Разве могут быть твёрдые цены только на хлеб? А – на железо, гвозди, ситец? За них берут, кто сколько хочет, для купцов и фабрикантов твёрдых цен нет, они только для одного несчастного крестьянина. Вы, господа кадеты и прогрессивный блок, с целью понизили цены на хлеб, а обвиняете во всём правительство. Из своей среды шлёте и уполномоченных для продовольствия по всей стране.

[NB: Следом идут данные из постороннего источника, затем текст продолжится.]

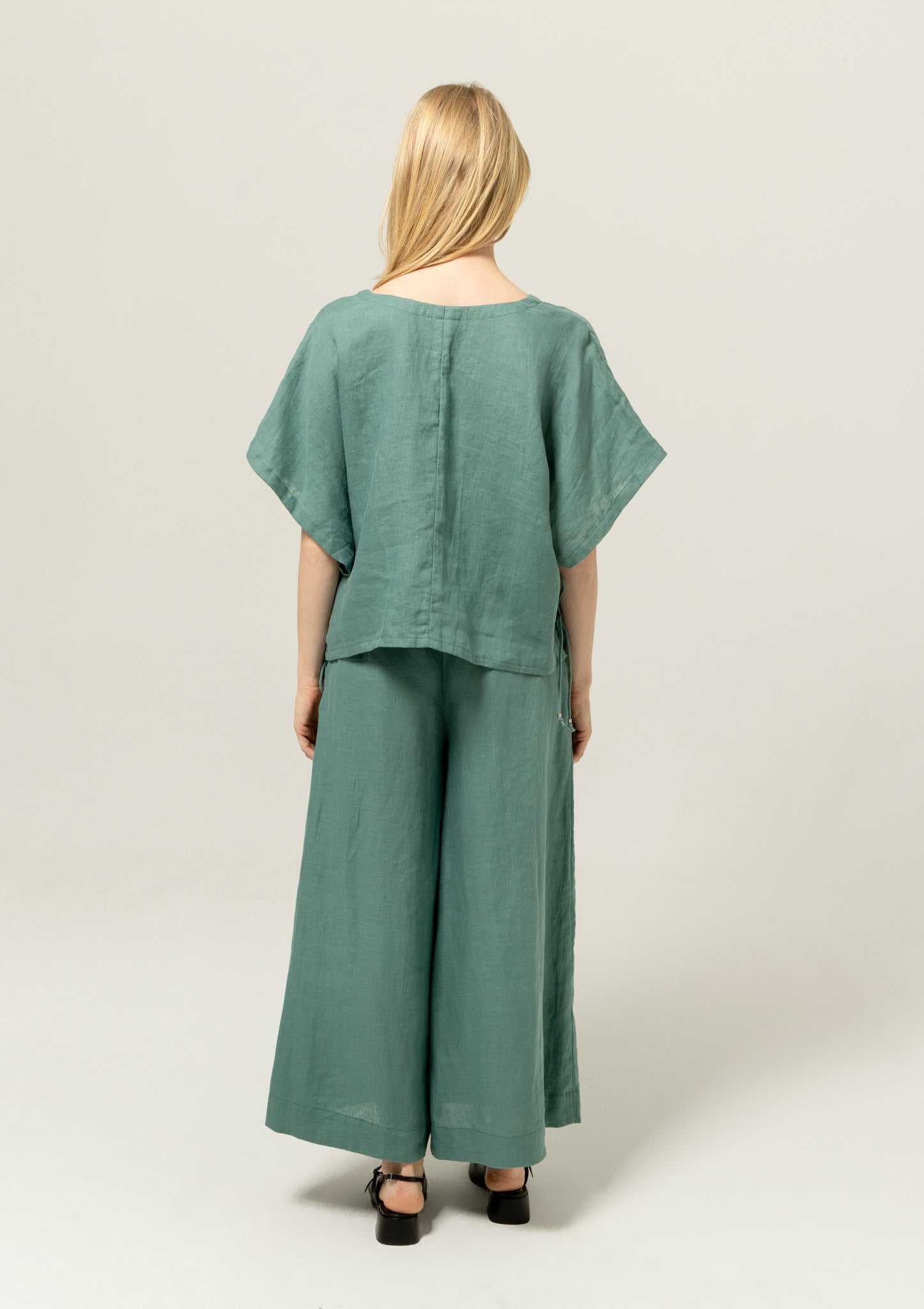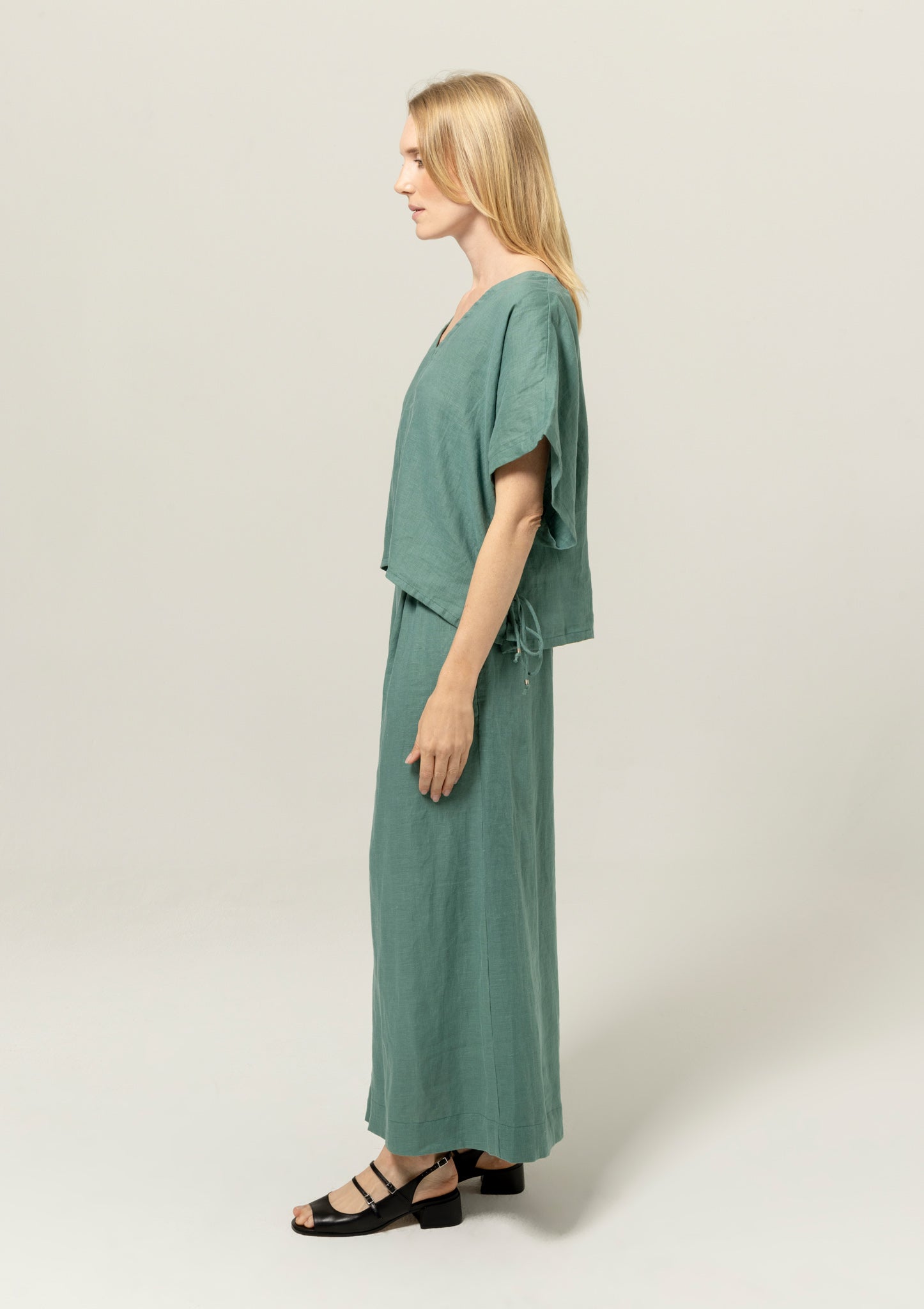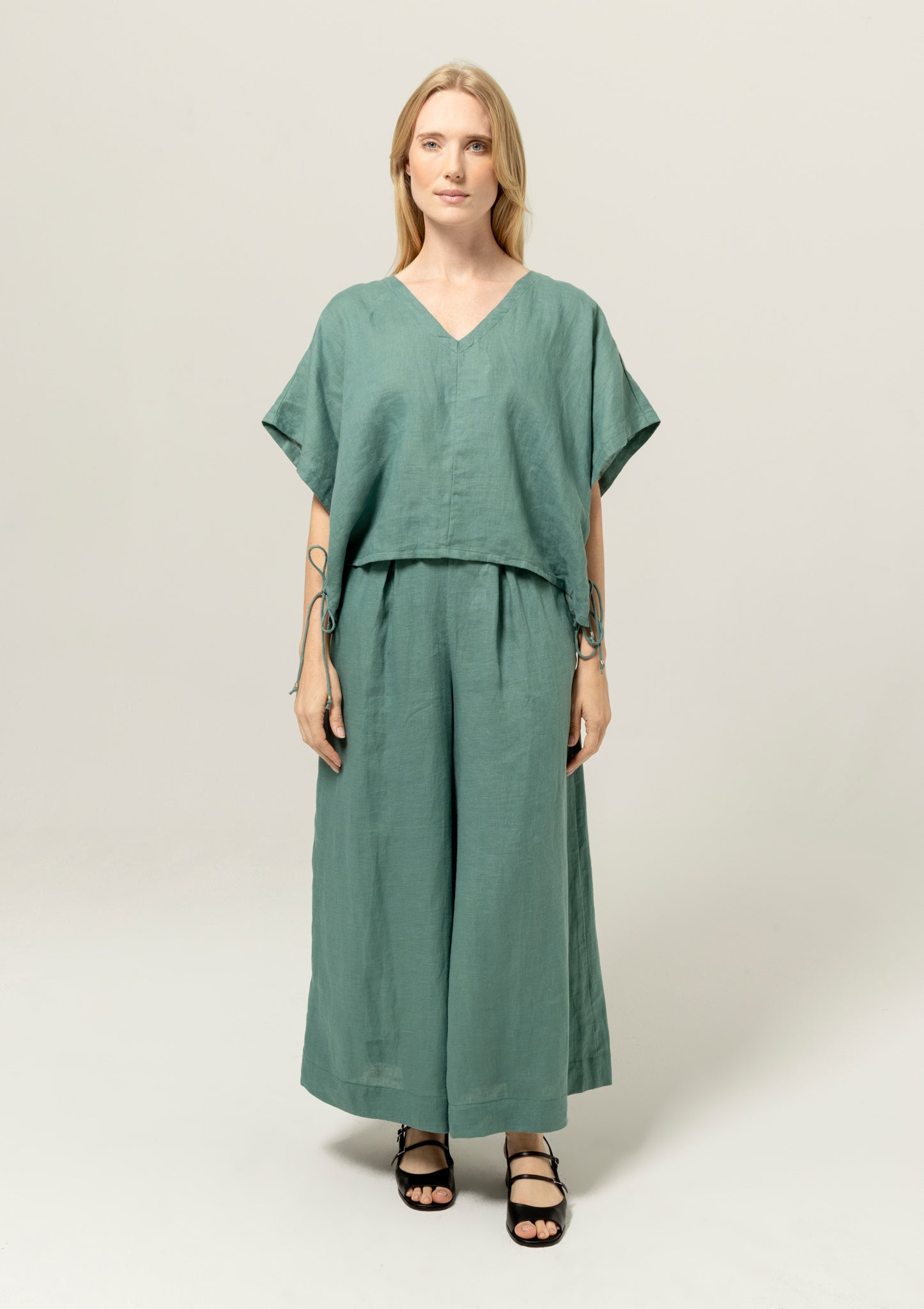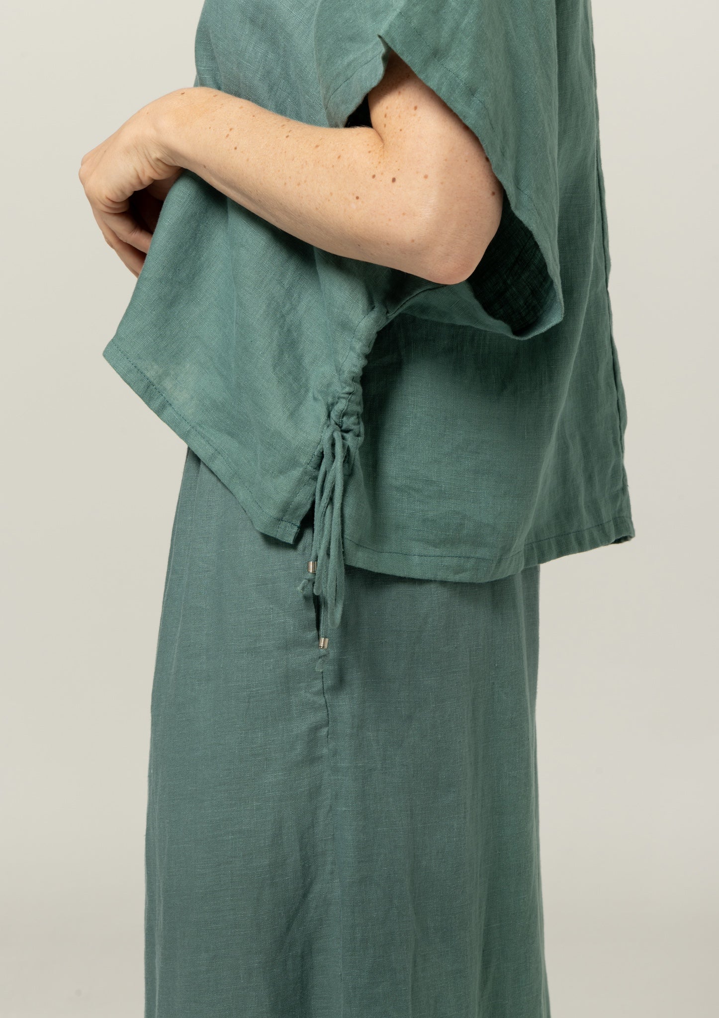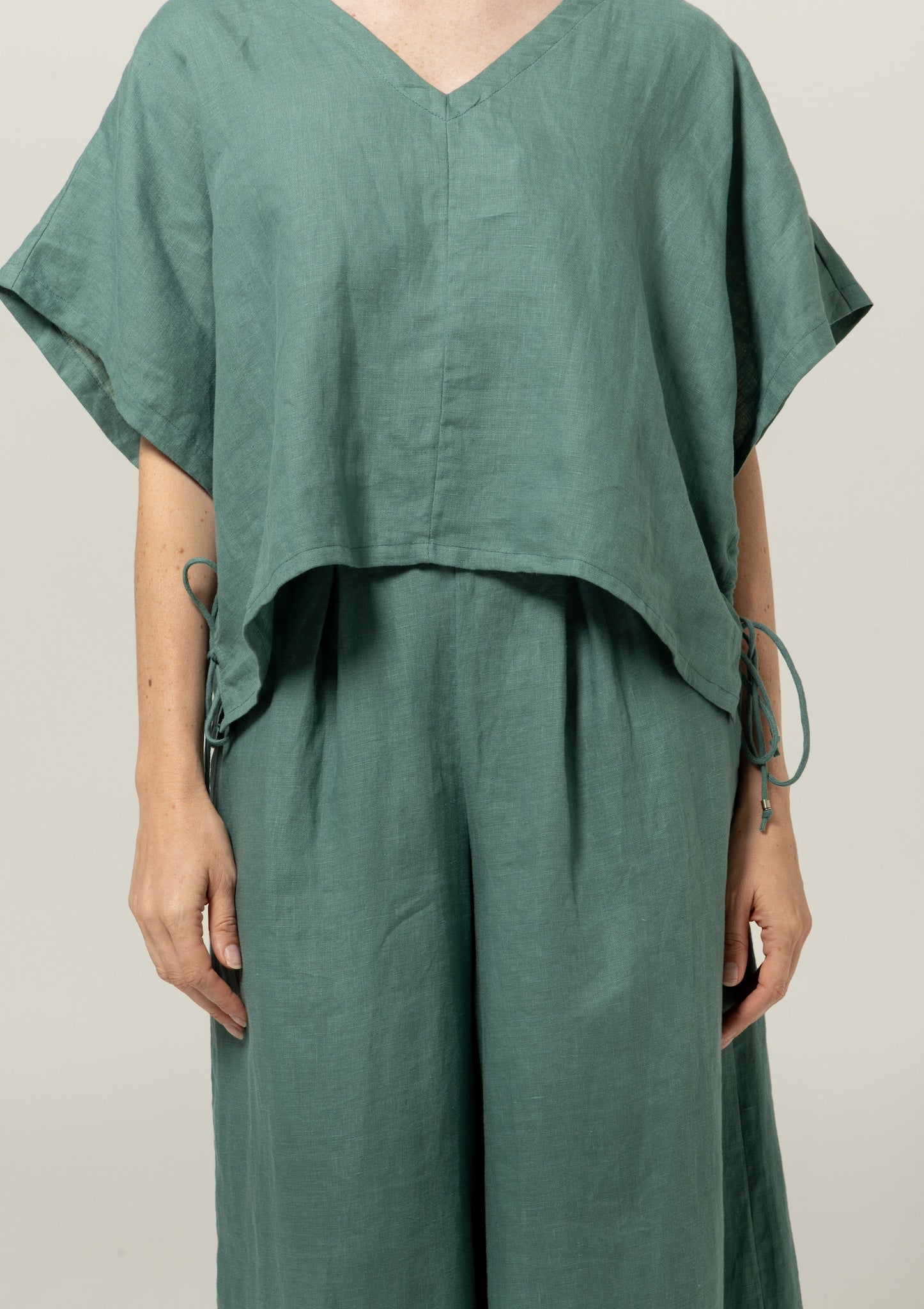 The Isla Top is a loose, short-sleeve style made from breathable linen. Its delicate V-neck, and subtle ties at the waist for a flattering fit make it perfect for warm days. Offering effortless comfort and a cool, laid-back vibe, ideal for casual outings or easy summer moments. Pairs perfect with the Atlas Pant.

Ужели у нас нет людей избрать на местах, которые бы правили этим делом?

(Молдавский помещик): Хотел бы я видеть, как может центральное ведомство заставить многомиллионное крестьянство собрать хлеб, если крестьянство убеждено, что хлеб от него берут недобросовестно, не по той цене, по которой этот хлеб крестьянину стоит.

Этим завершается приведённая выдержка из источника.